§ **PROBLEM REQUIREMENTS**: Below is a listing; print exactly its lines from the one containing "Hàng chục năm" down to the one containing "Новая одежда на полках в магазине", both inclusive, with every picture left out.

§ **EXTRACTED ENTRIES**:

┏━━

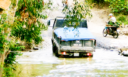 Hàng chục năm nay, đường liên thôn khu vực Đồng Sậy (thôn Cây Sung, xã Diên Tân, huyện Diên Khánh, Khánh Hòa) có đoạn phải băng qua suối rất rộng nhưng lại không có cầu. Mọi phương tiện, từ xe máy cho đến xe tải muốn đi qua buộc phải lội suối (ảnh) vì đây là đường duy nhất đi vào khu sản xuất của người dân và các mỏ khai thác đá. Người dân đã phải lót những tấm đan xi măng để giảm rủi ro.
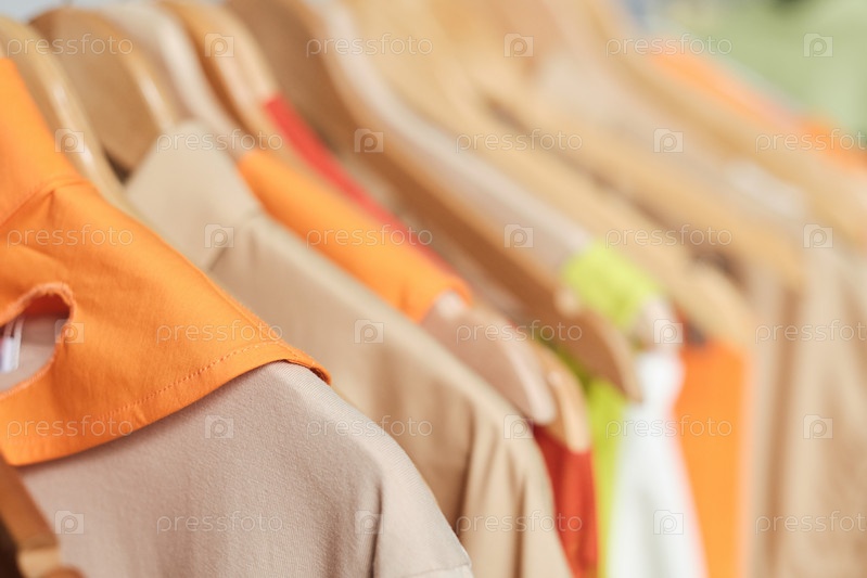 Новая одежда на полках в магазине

┗━━
┏━━

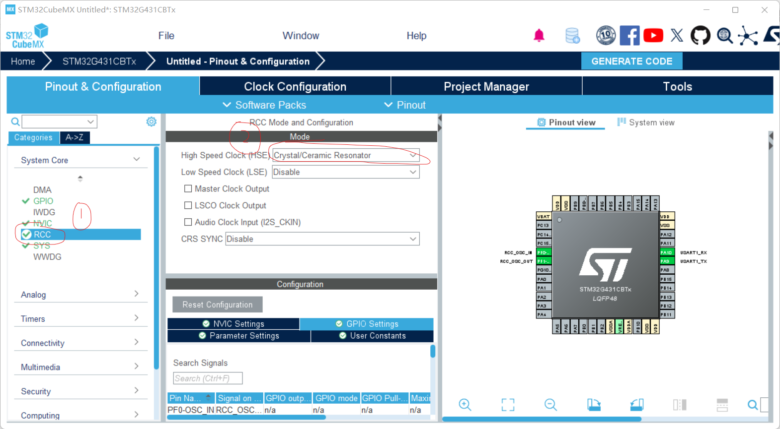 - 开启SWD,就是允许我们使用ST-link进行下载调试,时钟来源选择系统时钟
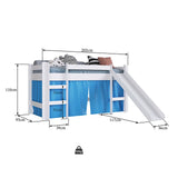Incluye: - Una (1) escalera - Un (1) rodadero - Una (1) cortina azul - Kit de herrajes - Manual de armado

┗━━

§ **ANSWER TO THIS TASK**:
 Hàng chục năm nay, đường liên thôn khu vực Đồng Sậy (thôn Cây Sung, xã Diên Tân, huyện Diên Khánh, Khánh Hòa) có đoạn phải băng qua suối rất rộng nhưng lại không có cầu. Mọi phương tiện, từ xe máy cho đến xe tải muốn đi qua buộc phải lội suối (ảnh) vì đây là đường duy nhất đi vào khu sản xuất của người dân và các mỏ khai thác đá. Người dân đã phải lót những tấm đan xi măng để giảm rủi ro.
 Новая одежда на полках в магазине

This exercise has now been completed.